I’ve also found that on my IF days, my running performance improves and I don’t get fatigued. This seems to go completely against all the hog-wash we are told about carb loading etc.
I’m now in my third week and it’s looking positive. Is there anything else I need to consider for my routine or should I see how it goes. My main concern was going in to starvation mode (if that isn’t hog-wash too!).
Your opinion would be greatly appreciated…
Hello Sam,
I am a 31 year female who is insulin resistant due to PCOS. It is very hard for me to lose weight. I was wondering if i crossfit in the evening around 6 or 7pm what a good eating schedule? I am 5’4 140lbs and thankfully i have lots of muscle but still would like to lean out another 10lbs. I find myself starving in the morning and its hard for me to skip breakfast. My problem is that post workout i really dont eat much. Could this be affecting my ability to lose weight?

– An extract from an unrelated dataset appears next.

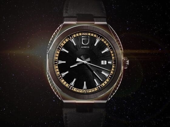 The second model is the TAG Heuer Formula 1 chronograph. Made entirely from steel, this football-inspired quartz chronograph features a notched steel bezel with a tachymeter scale. The Arabic numeral 12, in red lacquer is located at 12 o’clock. It contrasts with the opaline anthracite dial, echoing the colours of Manchester United. In striking red, the Manchester United logo positioned on the counter at 6 o’clock stands out particularly clearly. The date, meanwhile, is positioned at 4 o’clock on a black disc. The screw-down case is engraved with the Manchester United logo. This model is available with a perforated black rubber strap, ensuring a more contemporary look than ever before. Thanks to the 1/10 second hand, which completes one revolution of the counter positioned at 6 o’clock every second, this chronograph is not just a pleasure to look at, it is also one of the best value watches in the market, with accomplished finishes to honour the most prestigious of clubs, Manchester United.

Those are some seriously impressive results! I’m starting the Eat Stop Eat Program these days and so far so good
Sam,
Been doing this IF daily, combined with p90x for 2 weeks now. First big Meal 1pm.
Insane results. If anyone wants a very simple structured plan, I highly advise this.
Your the man, big fan.
Hi Sam, I started iF just 4 days ago. I workout hard everyday except for Sunday. My goal is too lose fat and gain more muscles. Can I still continue to eat breakfast and afterwards workout? I am not sure i can workout fasted. As soon as I wake up I am hungry. I am also afraid of no energy for workout. I lift heavy weights! My Started my IF at 10/14 10 hour eating window 14 fast which I plan to go 8/16 by next week. My eating window is 5am to 3pm. I am a breakfast eater and never dinner.
Hey, not sure if you are still replying to comments two years after the original post, but I was wondering if I do two pretty intense workouts each day (one around noon and the other starting around 7pm) do I need to break my fast twice and east both times post workout?
I’m asking because I see you mention a few times that post workout nutrition is important
How much does it affect muscle gain if your post-workout meal is not your biggest meal of the day? My first meal is around noon and my second meal (the bulk of my caloric intake) is around 5 pm followed by my daily workout. After my workout i take in about 20 percent of my daily calories. Will only taking in 20 or less percent of calories after my workout be a total killer?
I ask because my schedule does not allow me to have my biggest meal after a workout.